Skeptisch sieht Hauber auch die EU-Pläne, nur auf Hochgeschwindigkeitsstrecken zu set­zen. "Schienenverkehr in der Fläche exis­tiert im Weißbuch nicht. Ein Fahrplan, der Verbindungen auf­ein­an­der abstimmt, fehlt." Eine Politik, die Hauber von der deut­schen Bahn kennt. "Große Investitionen flie­ßen in Prestigeobjekte. Nur sel­ten fällt etwas für regio­nale Projekte ab." Die Bahn könnte an vie­len Stellen inves­tie­ren, ins Schienennetz oder in lei­sere Güterzüge. Der regio­nale Ausbau des Schienenverkehrs würde viele qua­li­fi­zierte Arbeitsplätze brin­gen. In der Bahnindustrie arbei­ten nicht nur viele Ingenieure. Auch Facharbeiter wer­den in der arbeits­in­ten­si­ven Produktion gebraucht.

Das Geschäft Mobilität
Elektromotor oder Hybrid? Nicht die ein­zige Frage, vor der Hersteller ste­hen. Viele Metropolen außer­halb Europas ste­hen schon heute vor dem Verkehrskollaps. Wenn sich die deut­schen Hersteller auf die­sen Märkten hal­ten wol­len, müs­sen sie mehr bie­ten. In Zukunft wol­len Menschen Fahrzeuge nicht immer besit­zen, aber nut­zen. Die Frage lau­tet: Wer wird ihnen diese Mobilität ver­kau­fen? Die Bahn, die Autohersteller oder Google? Erste Versuche gibt es. Mit "Car2go" bie­tet Daimler seit 2008 Großstadtbewohnern Mobilität auf Abruf an. VW will nicht nur Elektroautos bauen, son­dern auch grü­nen Stromdazu anbie­ten. In den nächs­ten fünf Jahren will Volkswagen 660 Millionen Euro in erneu­er­bare Energie inves­tie­ren. Nicht nur die Produkte, auch die Produktion soll grü­ner werden.

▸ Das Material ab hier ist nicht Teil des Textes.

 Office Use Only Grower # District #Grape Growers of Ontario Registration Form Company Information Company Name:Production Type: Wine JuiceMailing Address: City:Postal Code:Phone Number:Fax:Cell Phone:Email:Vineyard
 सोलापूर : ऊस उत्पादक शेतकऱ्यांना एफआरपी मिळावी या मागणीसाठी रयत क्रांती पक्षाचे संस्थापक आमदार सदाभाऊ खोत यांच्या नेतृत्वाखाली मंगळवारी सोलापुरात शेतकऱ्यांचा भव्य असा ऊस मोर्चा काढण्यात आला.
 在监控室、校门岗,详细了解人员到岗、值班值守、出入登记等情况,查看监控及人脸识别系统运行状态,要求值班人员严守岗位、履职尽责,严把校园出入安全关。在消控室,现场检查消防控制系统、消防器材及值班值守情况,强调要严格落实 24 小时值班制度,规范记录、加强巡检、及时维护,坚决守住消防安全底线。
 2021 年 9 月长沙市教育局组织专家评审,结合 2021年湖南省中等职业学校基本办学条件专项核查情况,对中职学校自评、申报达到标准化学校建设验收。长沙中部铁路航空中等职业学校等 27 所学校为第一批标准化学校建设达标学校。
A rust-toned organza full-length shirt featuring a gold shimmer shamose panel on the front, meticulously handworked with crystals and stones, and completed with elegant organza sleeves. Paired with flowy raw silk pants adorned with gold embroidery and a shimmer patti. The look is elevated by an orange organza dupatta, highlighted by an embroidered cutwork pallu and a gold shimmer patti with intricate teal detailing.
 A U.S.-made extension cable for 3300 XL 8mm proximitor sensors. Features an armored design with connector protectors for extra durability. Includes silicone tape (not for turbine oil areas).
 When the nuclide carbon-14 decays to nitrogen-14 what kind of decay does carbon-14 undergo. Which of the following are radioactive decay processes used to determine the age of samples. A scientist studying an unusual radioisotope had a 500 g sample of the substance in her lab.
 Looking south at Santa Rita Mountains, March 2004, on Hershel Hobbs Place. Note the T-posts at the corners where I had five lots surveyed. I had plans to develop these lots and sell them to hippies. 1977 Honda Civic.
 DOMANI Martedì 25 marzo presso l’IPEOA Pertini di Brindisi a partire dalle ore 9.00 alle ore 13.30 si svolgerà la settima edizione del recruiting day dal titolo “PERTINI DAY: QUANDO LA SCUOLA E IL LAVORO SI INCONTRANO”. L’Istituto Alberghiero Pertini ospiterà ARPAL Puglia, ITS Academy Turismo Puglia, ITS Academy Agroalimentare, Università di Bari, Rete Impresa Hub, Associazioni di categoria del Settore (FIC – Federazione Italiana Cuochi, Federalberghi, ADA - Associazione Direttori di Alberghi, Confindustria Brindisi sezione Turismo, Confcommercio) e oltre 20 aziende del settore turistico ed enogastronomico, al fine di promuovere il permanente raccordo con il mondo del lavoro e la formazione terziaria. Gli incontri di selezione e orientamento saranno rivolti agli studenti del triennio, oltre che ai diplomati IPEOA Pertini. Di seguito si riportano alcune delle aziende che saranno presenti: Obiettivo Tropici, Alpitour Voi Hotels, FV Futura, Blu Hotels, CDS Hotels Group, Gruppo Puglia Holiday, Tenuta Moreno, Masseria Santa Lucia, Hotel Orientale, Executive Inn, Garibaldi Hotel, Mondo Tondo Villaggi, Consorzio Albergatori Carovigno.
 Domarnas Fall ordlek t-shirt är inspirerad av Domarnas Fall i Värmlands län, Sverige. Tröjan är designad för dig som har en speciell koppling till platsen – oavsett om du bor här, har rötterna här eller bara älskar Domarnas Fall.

Für Jürgen Kerner vom IG Metall-Vorstand ist das Fenster noch offen, um der Verkehrsindustrie und den Beschäftigten die Pole-Position zu sichern. "Aber wir müs­sen uns jetzt auf den Weg machen zu einer bran­chen­über­grei­fen­den Industriepolitik im Verkehrssektor. Der Wandel wird kom­men. Wir ent­schei­den, ob wir ihn trei­ben oder er uns."